ASSIGNMENT —
Word for word, repeat everything in the records below except the pictures.

● ● ●

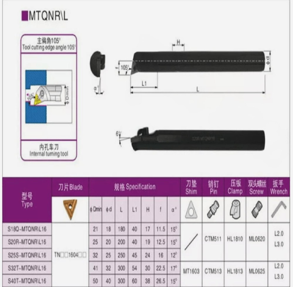 Model: S16Q-MTQNR16 Cutting direction: right Insert: TNMG1604 Material: alloy steel Color: Black Package include: 1p S16Q-MTQNR16 1pc wrenches Notice: This product does not include blades, the blade is purchased separately
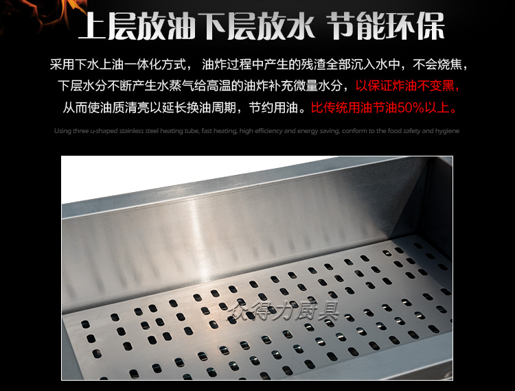 眾得力旗下產品油炸系列,不銹鋼電熱節能油水分離油炸爐,油炸機,YZ系列油炸爐,電加熱,節能油水分離油炸一體爐,油水過濾,確保油炸物能100%油炸,殘留物通過水過濾,拒絕一直油炸。油炸不變黑,炸出來的食品外形美觀
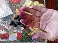 З ягід витискають сік. До нього додають у борошно з яйцем, трохи цукру, меду та вершкового масла. Добре вимішують тісто та випікають з нього нетовстий корж. Готовий виріб — темного кольору. Страву можна їсти як свіжоспечену, так і черству, бо тоді це різновид пряників.
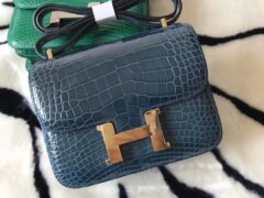エルメスコンスタンス19CMエルメスギリシャブルーシャイニークロコダイルコンスタンスバッグシルバーバックル
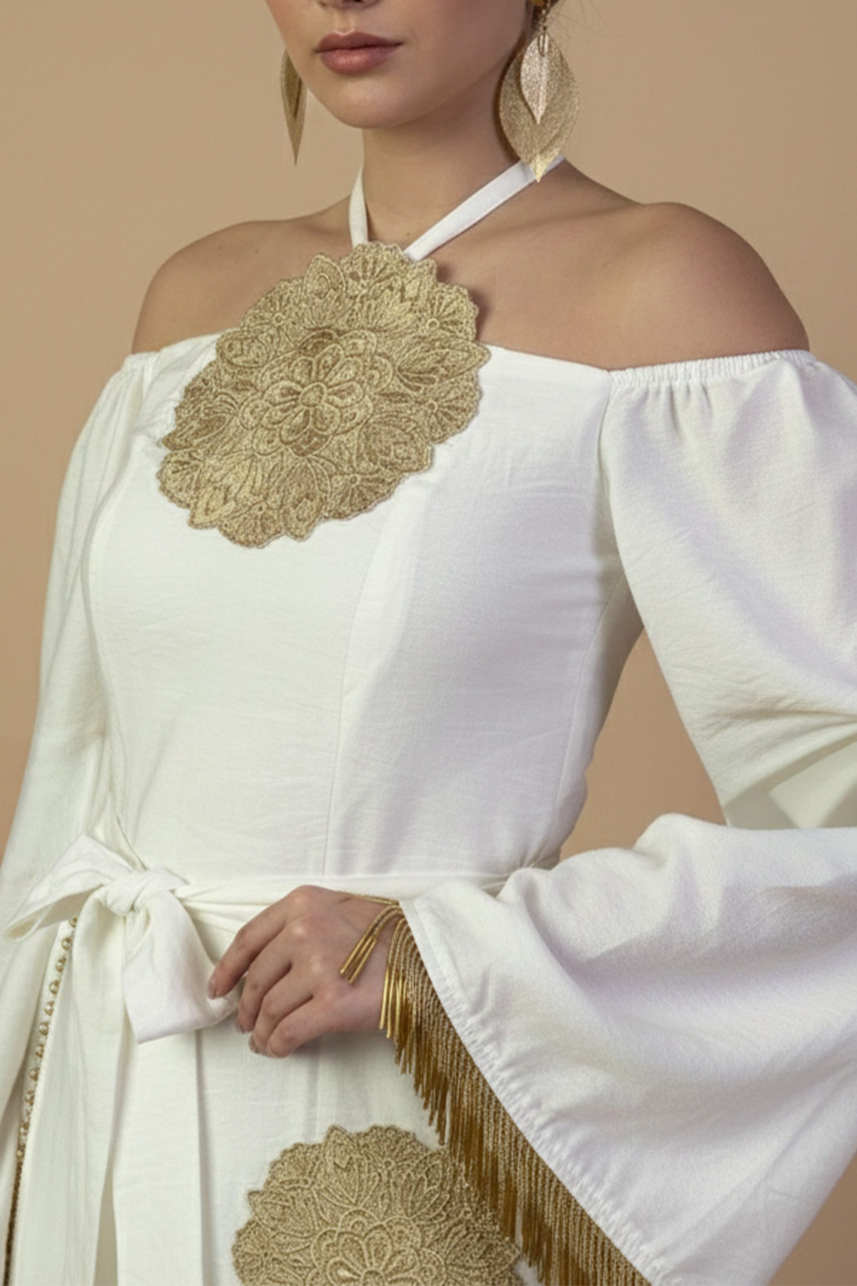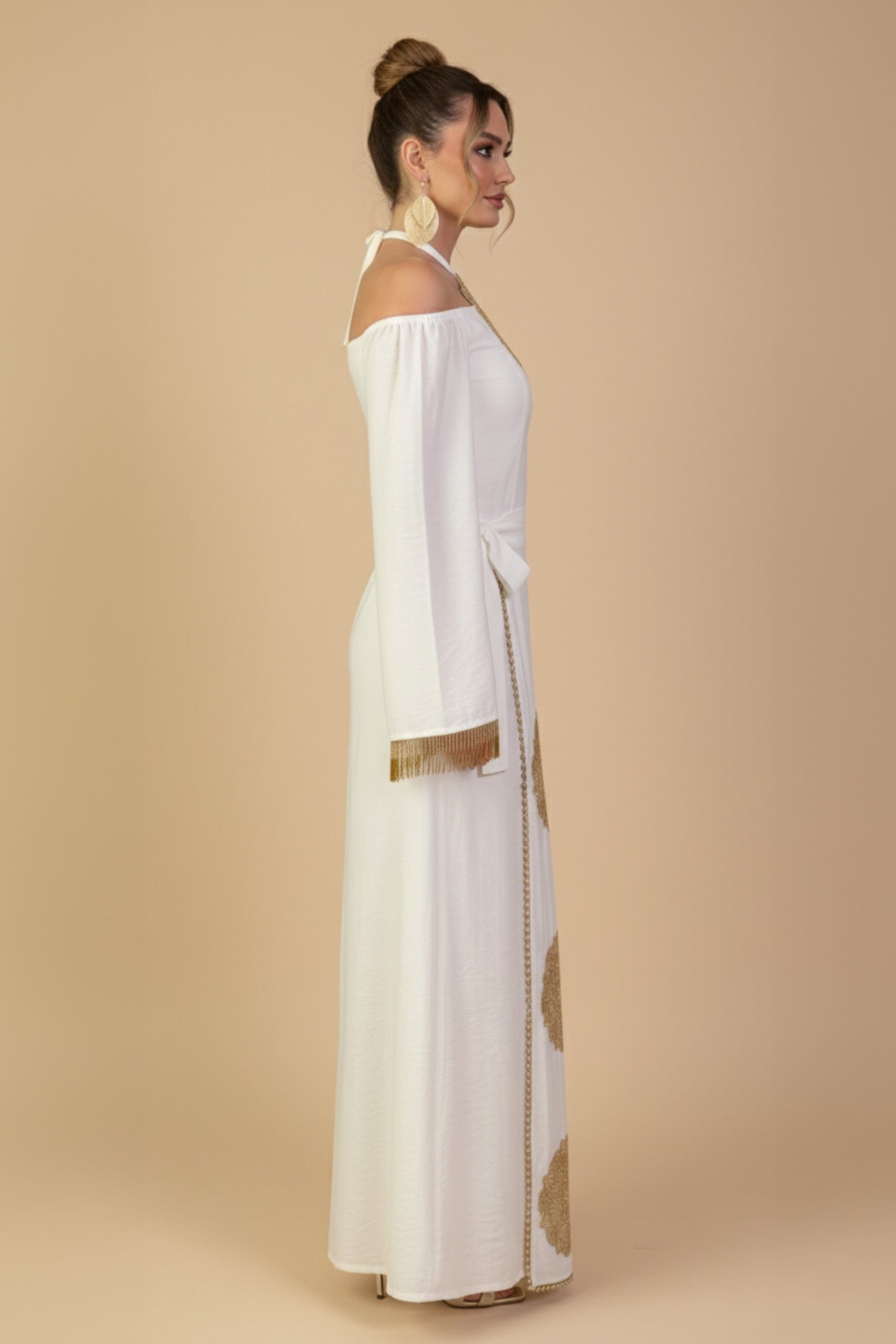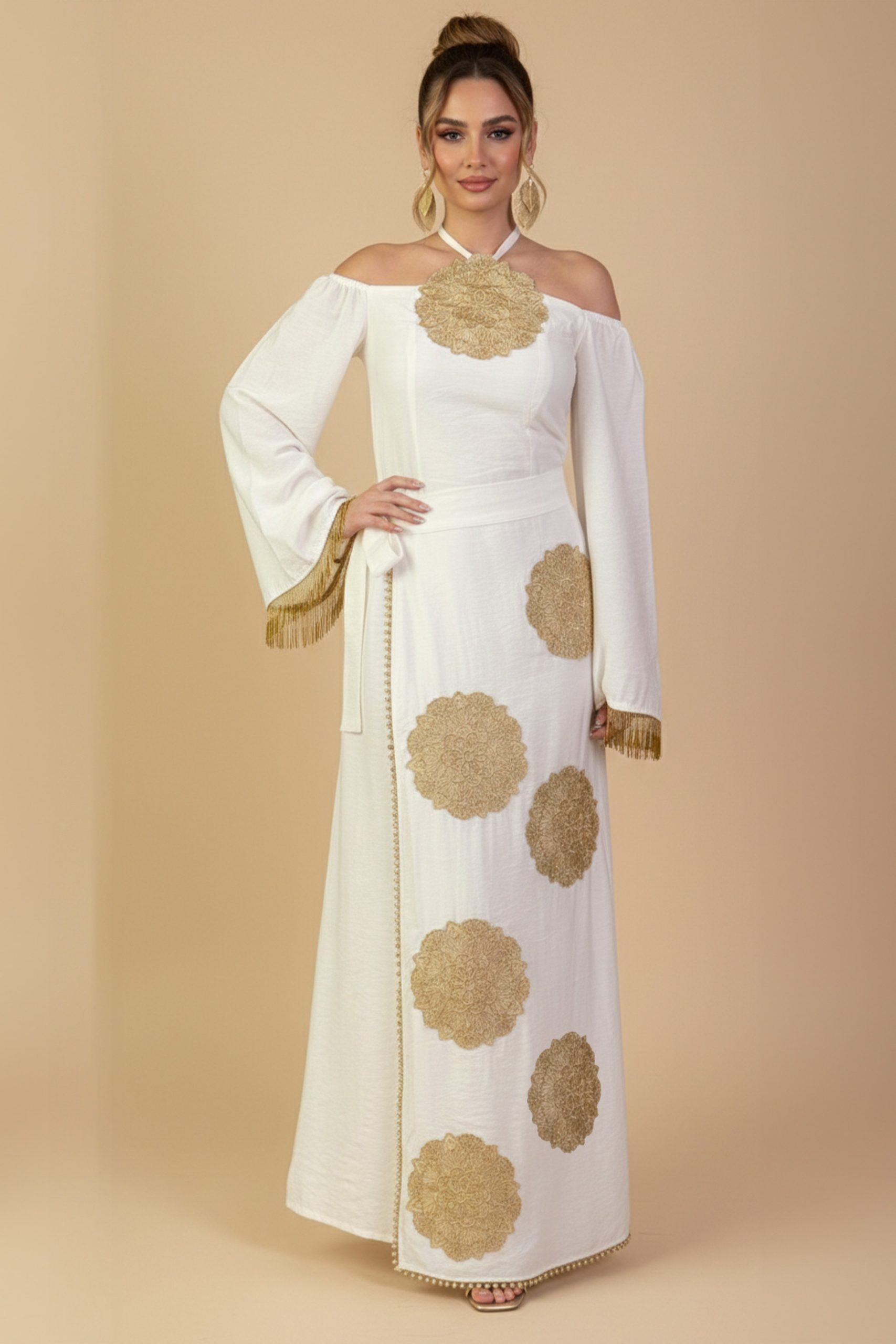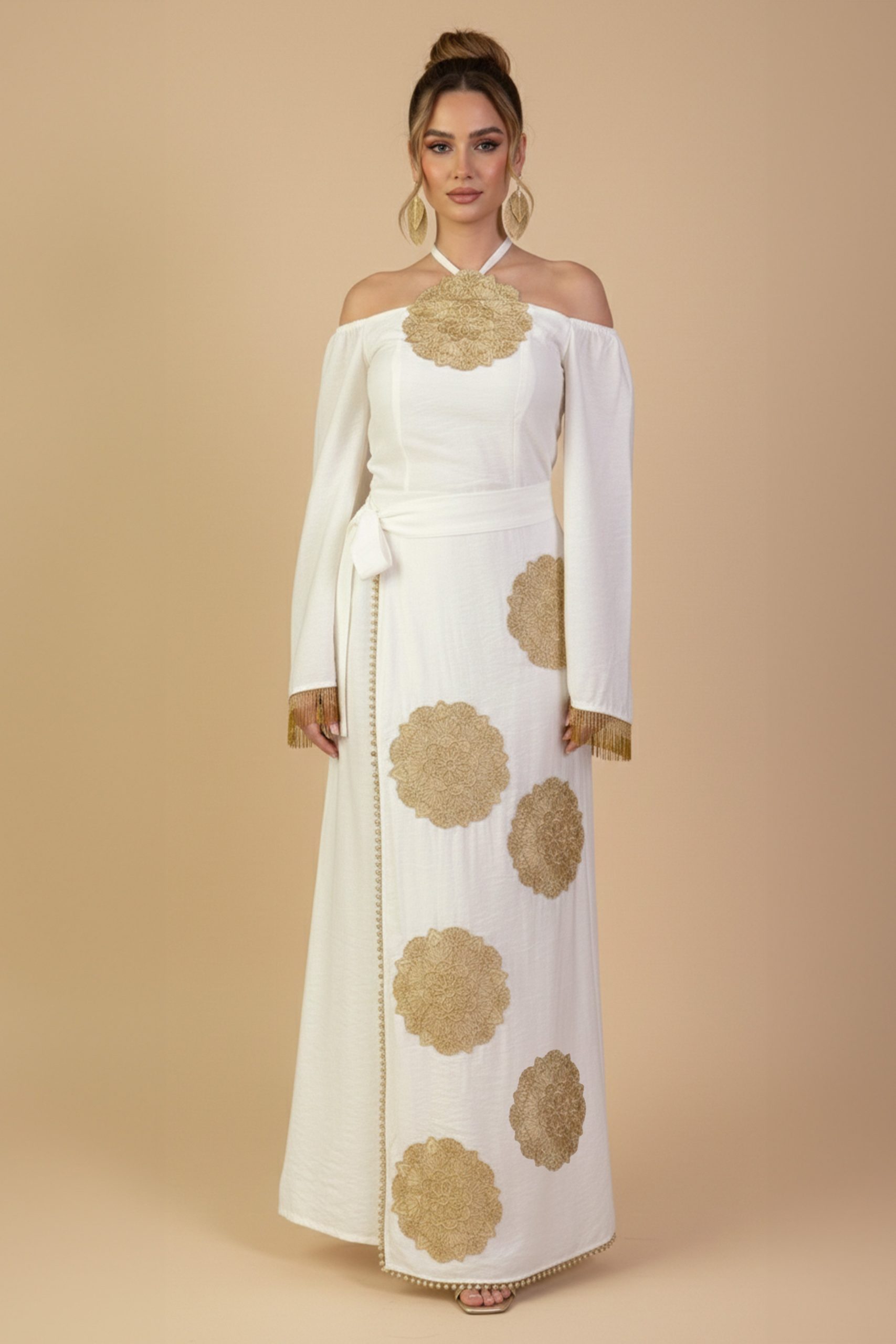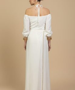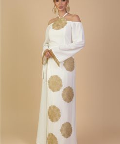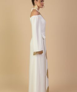 اكتان – جلابية طويلة ابيض بتصميم أوف شولدر

● ● ●

SOLUTION TO THE EXERCISE —
 Model: S16Q-MTQNR16 Cutting direction: right Insert: TNMG1604 Material: alloy steel Color: Black Package include: 1p S16Q-MTQNR16 1pc wrenches Notice: This product does not include blades, the blade is purchased separately
 眾得力旗下產品油炸系列,不銹鋼電熱節能油水分離油炸爐,油炸機,YZ系列油炸爐,電加熱,節能油水分離油炸一體爐,油水過濾,確保油炸物能100%油炸,殘留物通過水過濾,拒絕一直油炸。油炸不變黑,炸出來的食品外形美觀
 З ягід витискають сік. До нього додають у борошно з яйцем, трохи цукру, меду та вершкового масла. Добре вимішують тісто та випікають з нього нетовстий корж. Готовий виріб — темного кольору. Страву можна їсти як свіжоспечену, так і черству, бо тоді це різновид пряників.
エルメスコンスタンス19CMエルメスギリシャブルーシャイニークロコダイルコンスタンスバッグシルバーバックル
 اكتان – جلابية طويلة ابيض بتصميم أوف شولدر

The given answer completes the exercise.